## DIRECTIONS
Starting from the line with "We developed the" and going up to and including the line with "使用AFTool工具进行解锁", copy the listing below exactly. Leave all images out.

## DATA SUPPLIED
----------------------------------------

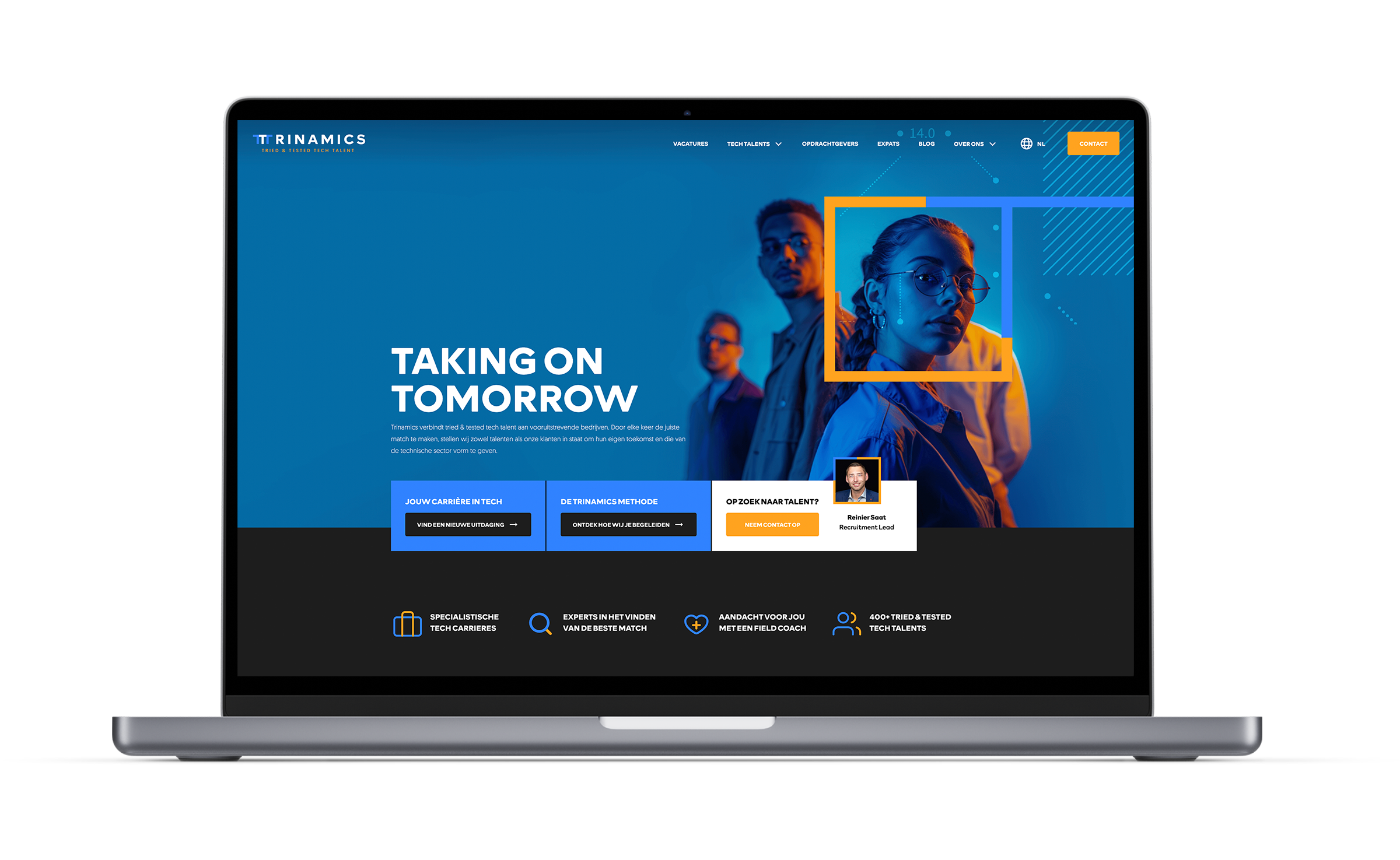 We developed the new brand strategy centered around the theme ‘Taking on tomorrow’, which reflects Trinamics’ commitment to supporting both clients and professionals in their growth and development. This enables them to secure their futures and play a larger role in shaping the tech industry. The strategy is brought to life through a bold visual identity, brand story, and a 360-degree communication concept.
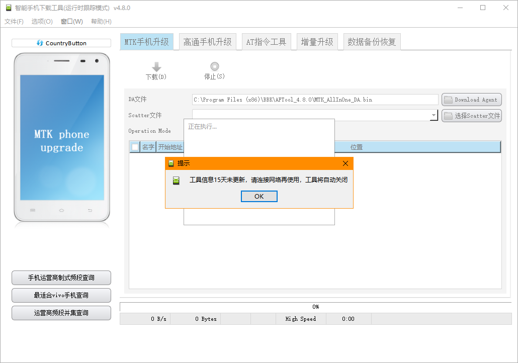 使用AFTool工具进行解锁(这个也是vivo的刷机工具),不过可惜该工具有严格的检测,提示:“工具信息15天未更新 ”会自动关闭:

----------------------------------------

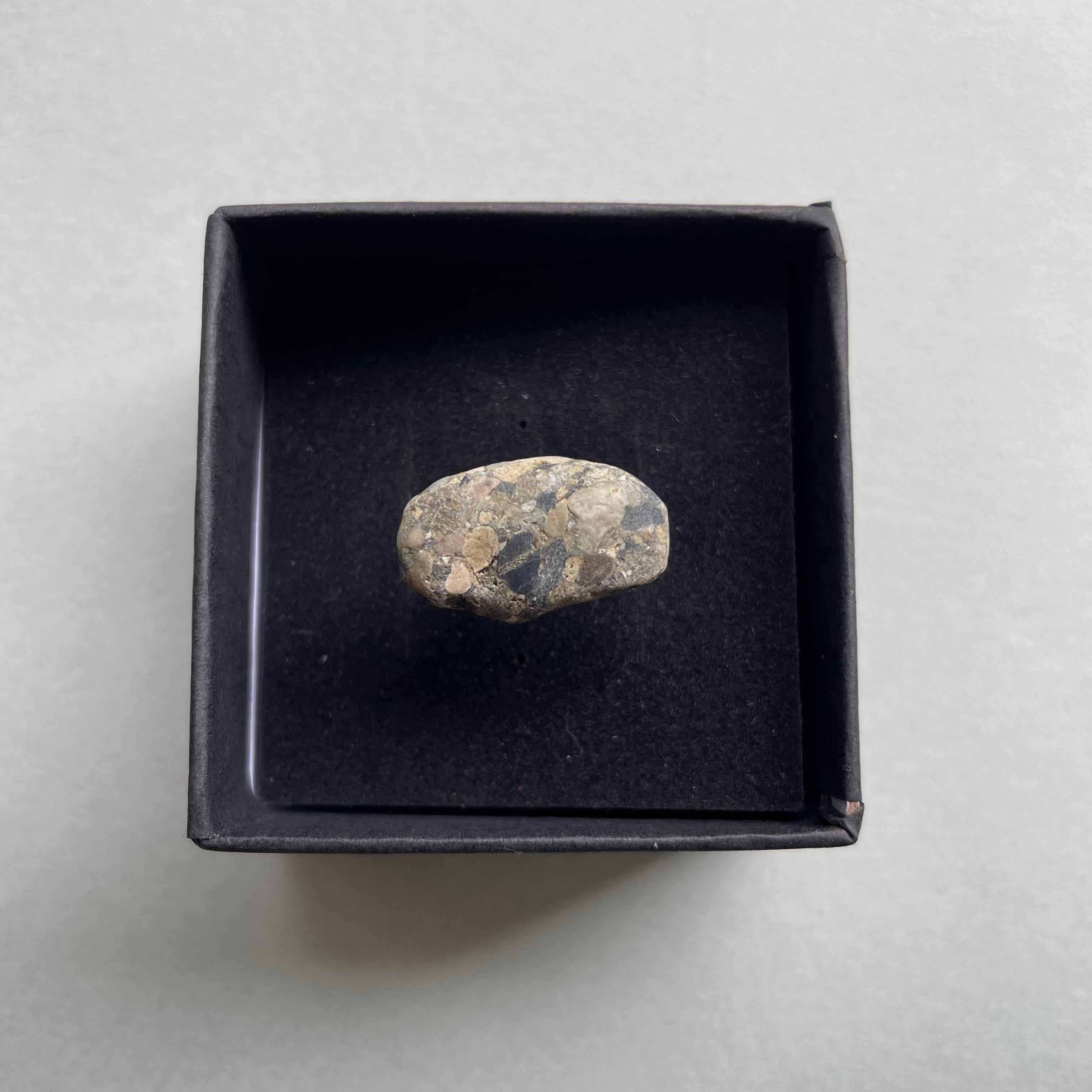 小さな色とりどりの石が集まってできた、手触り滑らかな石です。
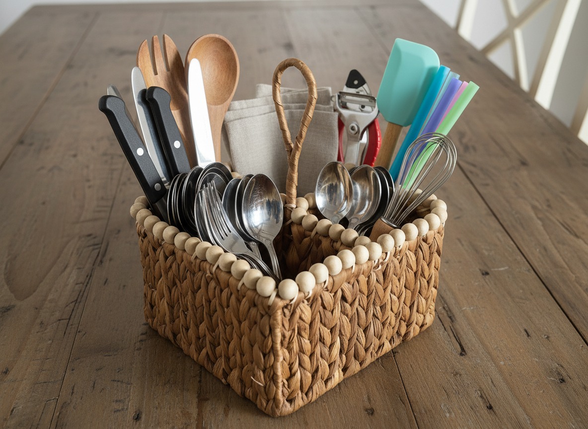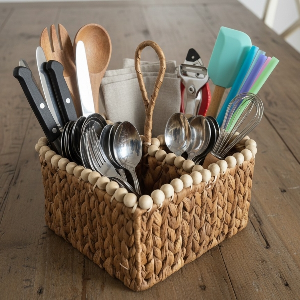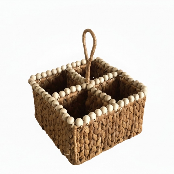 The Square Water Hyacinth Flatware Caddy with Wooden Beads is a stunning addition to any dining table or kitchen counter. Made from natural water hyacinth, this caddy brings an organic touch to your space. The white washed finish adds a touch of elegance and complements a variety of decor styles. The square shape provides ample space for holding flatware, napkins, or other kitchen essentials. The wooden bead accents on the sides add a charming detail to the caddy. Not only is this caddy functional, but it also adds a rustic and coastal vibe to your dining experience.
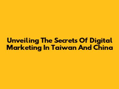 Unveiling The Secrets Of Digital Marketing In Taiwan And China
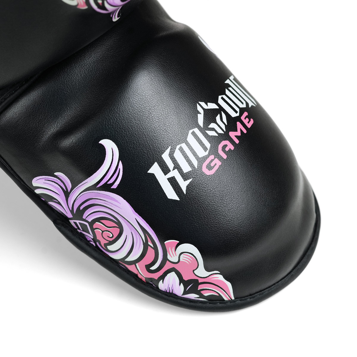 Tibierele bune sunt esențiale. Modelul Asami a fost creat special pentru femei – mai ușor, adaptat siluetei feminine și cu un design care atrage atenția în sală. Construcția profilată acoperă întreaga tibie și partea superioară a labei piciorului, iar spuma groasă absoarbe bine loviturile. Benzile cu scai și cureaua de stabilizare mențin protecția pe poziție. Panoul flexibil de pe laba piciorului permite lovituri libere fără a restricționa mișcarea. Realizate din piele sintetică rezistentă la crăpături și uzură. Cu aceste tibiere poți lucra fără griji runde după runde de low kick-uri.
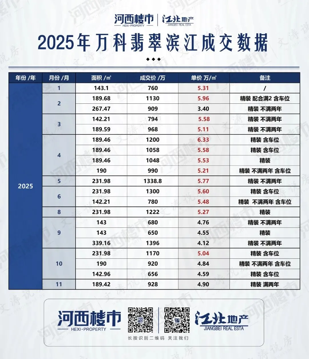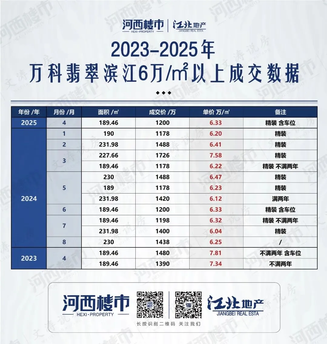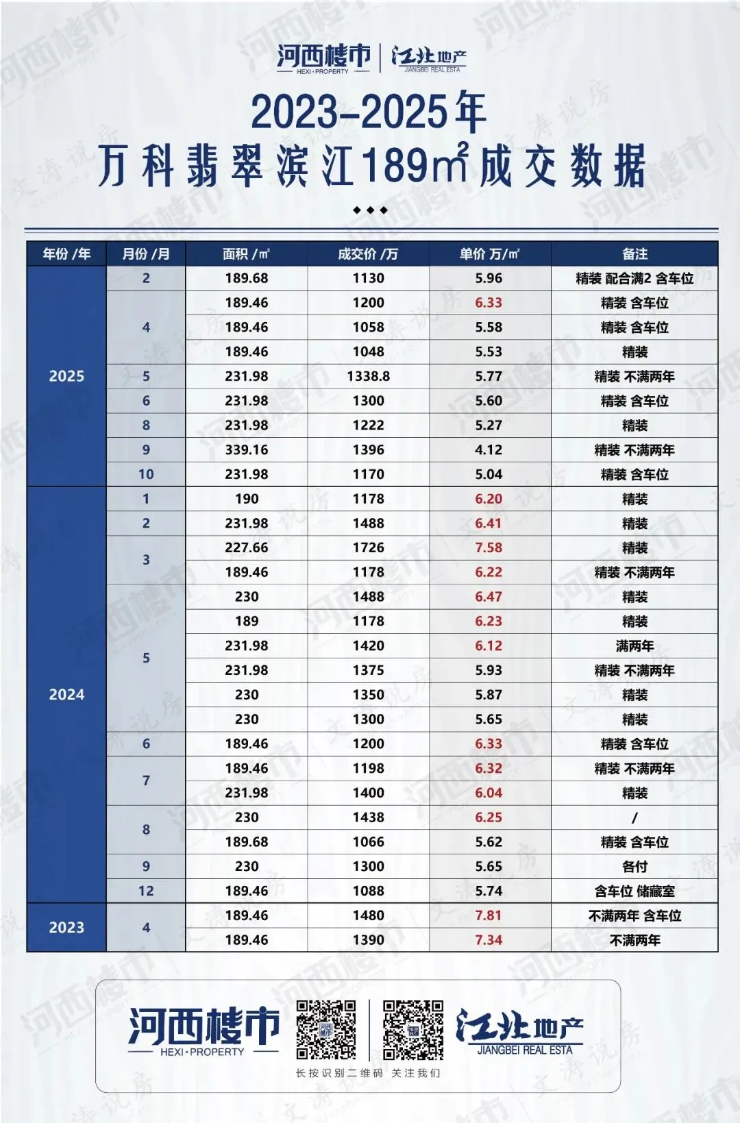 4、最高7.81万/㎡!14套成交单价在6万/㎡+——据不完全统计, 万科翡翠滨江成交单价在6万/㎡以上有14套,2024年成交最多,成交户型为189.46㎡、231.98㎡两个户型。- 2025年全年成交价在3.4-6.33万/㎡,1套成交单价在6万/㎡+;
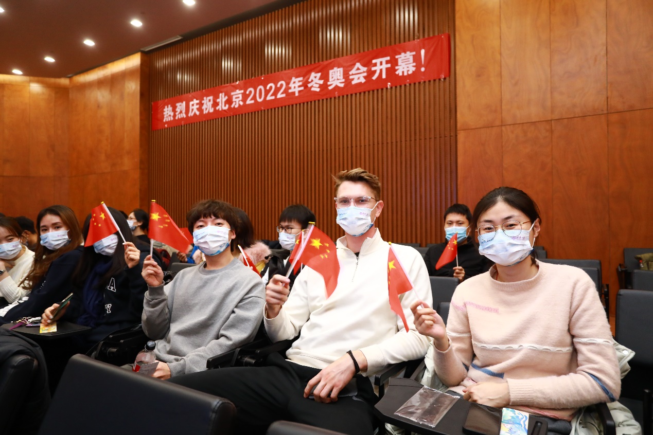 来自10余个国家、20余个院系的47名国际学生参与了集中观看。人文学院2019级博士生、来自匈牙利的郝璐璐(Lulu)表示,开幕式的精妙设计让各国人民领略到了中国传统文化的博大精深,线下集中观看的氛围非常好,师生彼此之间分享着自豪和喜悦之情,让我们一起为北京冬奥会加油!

----------------------------------------

## SOLUTION FOR THIS EXERCISE
 We developed the new brand strategy centered around the theme ‘Taking on tomorrow’, which reflects Trinamics’ commitment to supporting both clients and professionals in their growth and development. This enables them to secure their futures and play a larger role in shaping the tech industry. The strategy is brought to life through a bold visual identity, brand story, and a 360-degree communication concept.
 使用AFTool工具进行解锁(这个也是vivo的刷机工具),不过可惜该工具有严格的检测,提示:“工具信息15天未更新 ”会自动关闭:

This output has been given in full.